[Stored entries]
----------

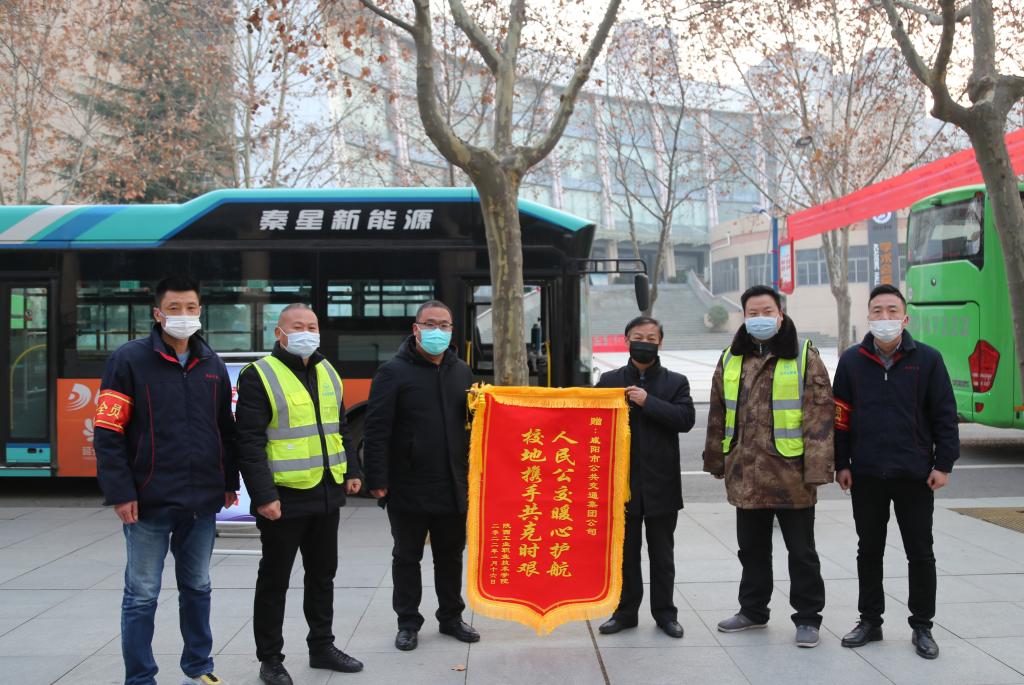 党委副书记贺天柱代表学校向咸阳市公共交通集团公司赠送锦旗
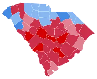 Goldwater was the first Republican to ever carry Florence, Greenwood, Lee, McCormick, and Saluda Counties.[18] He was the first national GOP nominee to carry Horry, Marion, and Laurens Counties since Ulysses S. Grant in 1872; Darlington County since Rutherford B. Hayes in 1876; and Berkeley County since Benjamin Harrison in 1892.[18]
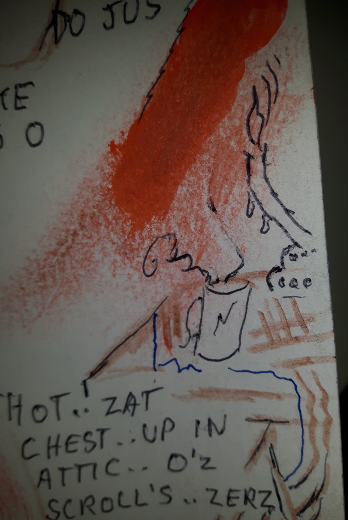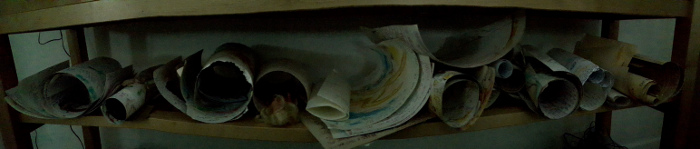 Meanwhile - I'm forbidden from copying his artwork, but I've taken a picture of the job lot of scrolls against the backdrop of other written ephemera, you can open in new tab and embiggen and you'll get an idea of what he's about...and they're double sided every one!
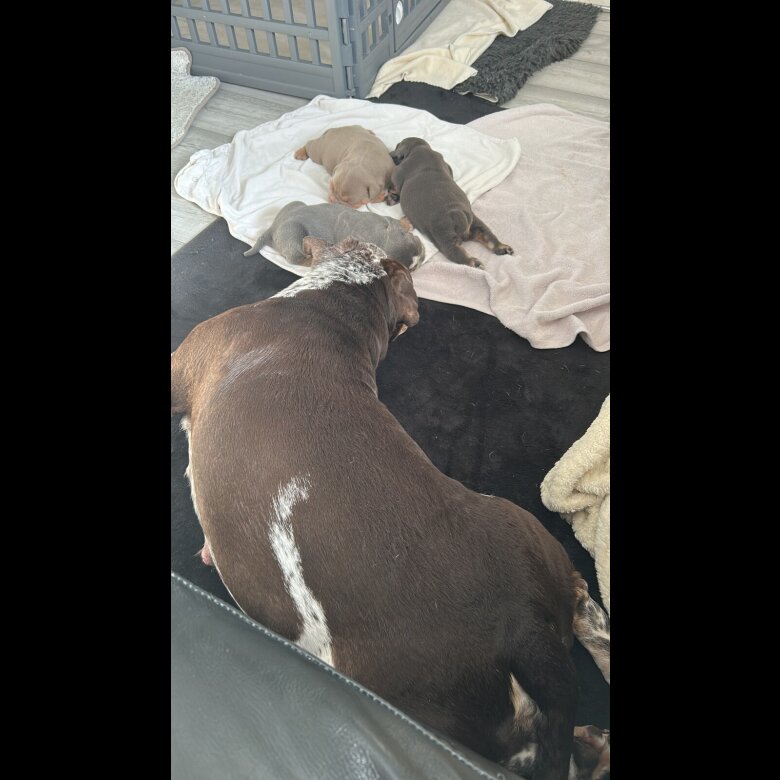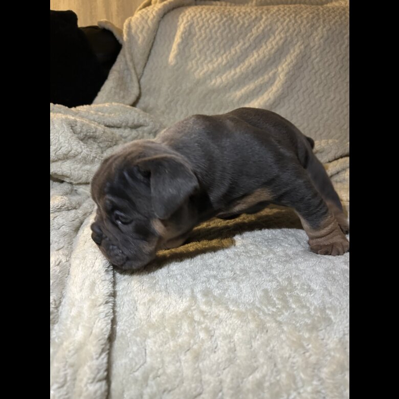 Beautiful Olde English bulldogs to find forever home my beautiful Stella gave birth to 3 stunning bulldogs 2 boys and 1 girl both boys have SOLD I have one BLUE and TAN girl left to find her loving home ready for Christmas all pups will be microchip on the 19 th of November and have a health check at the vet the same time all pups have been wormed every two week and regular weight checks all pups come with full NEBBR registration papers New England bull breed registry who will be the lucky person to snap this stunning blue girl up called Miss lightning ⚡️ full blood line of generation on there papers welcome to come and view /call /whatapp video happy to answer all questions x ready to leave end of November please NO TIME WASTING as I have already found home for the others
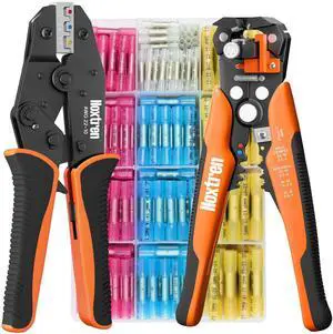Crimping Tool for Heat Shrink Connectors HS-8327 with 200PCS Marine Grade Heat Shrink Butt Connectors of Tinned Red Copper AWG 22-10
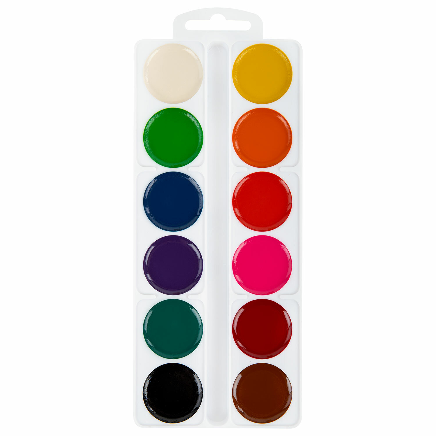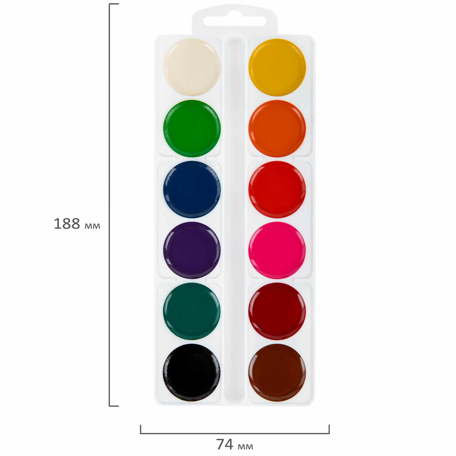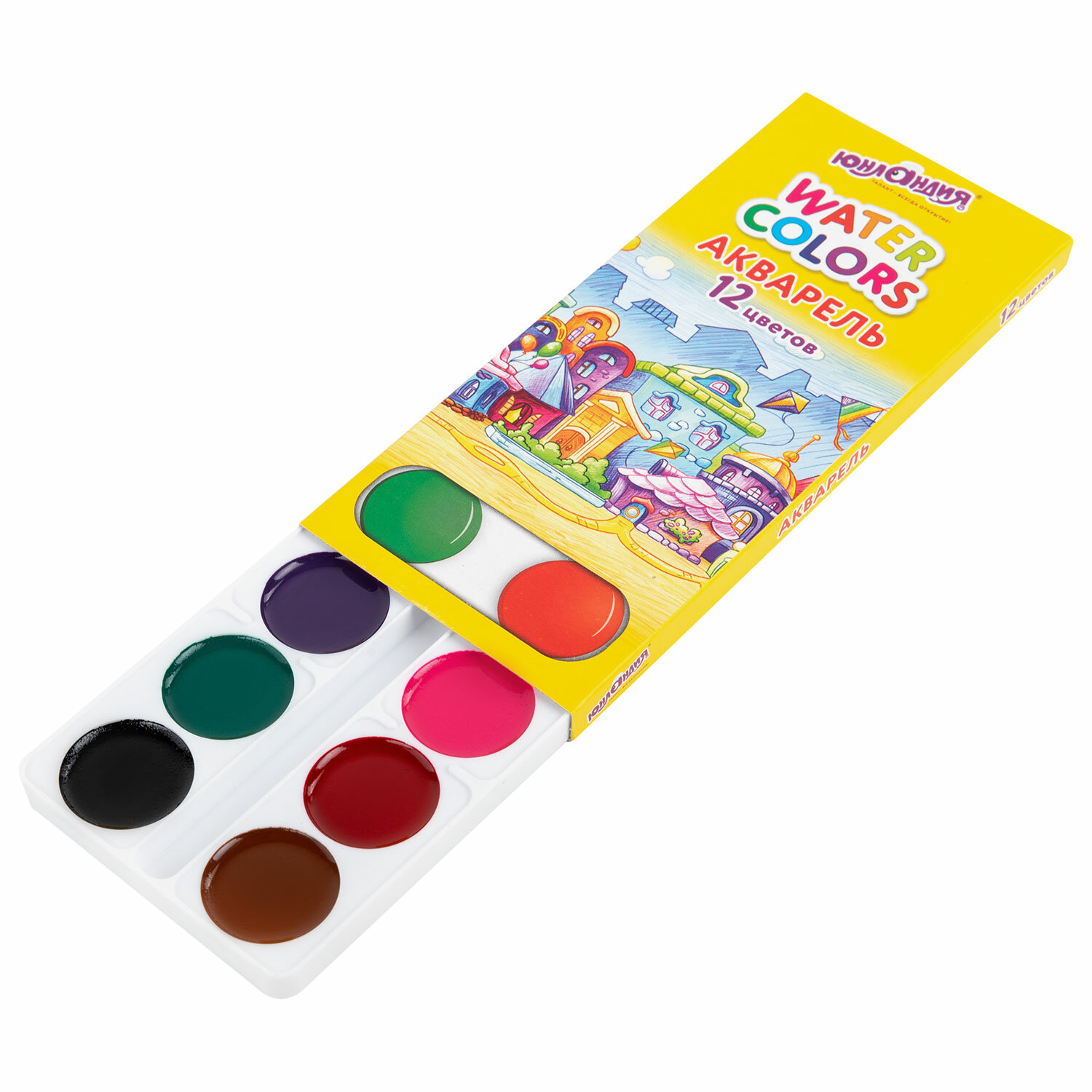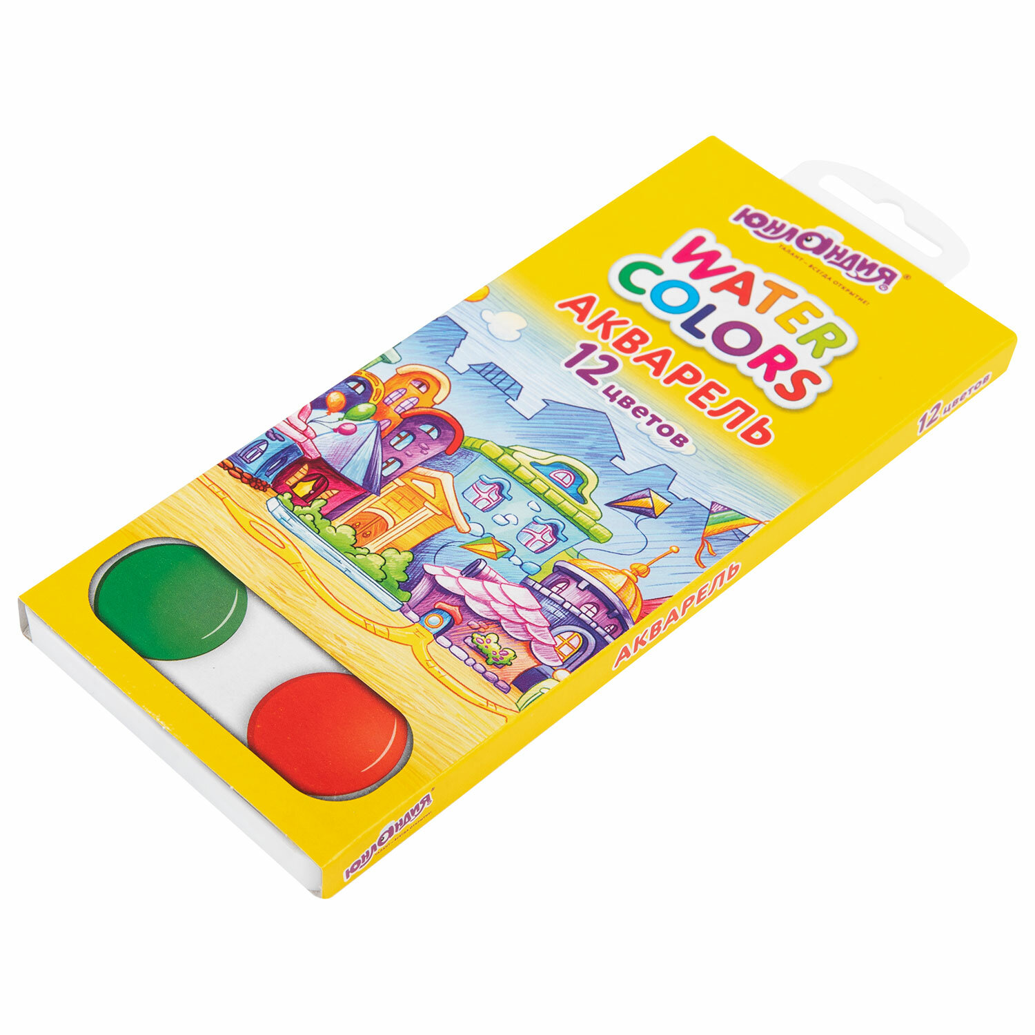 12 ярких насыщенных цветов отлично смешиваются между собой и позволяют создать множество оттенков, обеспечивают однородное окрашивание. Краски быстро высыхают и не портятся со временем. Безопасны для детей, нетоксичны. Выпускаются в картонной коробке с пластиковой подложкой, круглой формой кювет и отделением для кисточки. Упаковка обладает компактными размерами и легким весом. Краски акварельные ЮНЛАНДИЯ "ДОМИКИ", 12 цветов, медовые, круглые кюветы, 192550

----------

Required work
Where a picture appears, omit it; otherwise reproduce each line above from the first to the one with "Beautiful Olde English", inclusive.

Exercise output
 党委副书记贺天柱代表学校向咸阳市公共交通集团公司赠送锦旗
 Goldwater was the first Republican to ever carry Florence, Greenwood, Lee, McCormick, and Saluda Counties.[18] He was the first national GOP nominee to carry Horry, Marion, and Laurens Counties since Ulysses S. Grant in 1872; Darlington County since Rutherford B. Hayes in 1876; and Berkeley County since Benjamin Harrison in 1892.[18]
 Meanwhile - I'm forbidden from copying his artwork, but I've taken a picture of the job lot of scrolls against the backdrop of other written ephemera, you can open in new tab and embiggen and you'll get an idea of what he's about...and they're double sided every one!
 Beautiful Olde English bulldogs to find forever home my beautiful Stella gave birth to 3 stunning bulldogs 2 boys and 1 girl both boys have SOLD I have one BLUE and TAN girl left to find her loving home ready for Christmas all pups will be microchip on the 19 th of November and have a health check at the vet the same time all pups have been wormed every two week and regular weight checks all pups come with full NEBBR registration papers New England bull breed registry who will be the lucky person to snap this stunning blue girl up called Miss lightning ⚡️ full blood line of generation on there papers welcome to come and view /call /whatapp video happy to answer all questions x ready to leave end of November please NO TIME WASTING as I have already found home for the others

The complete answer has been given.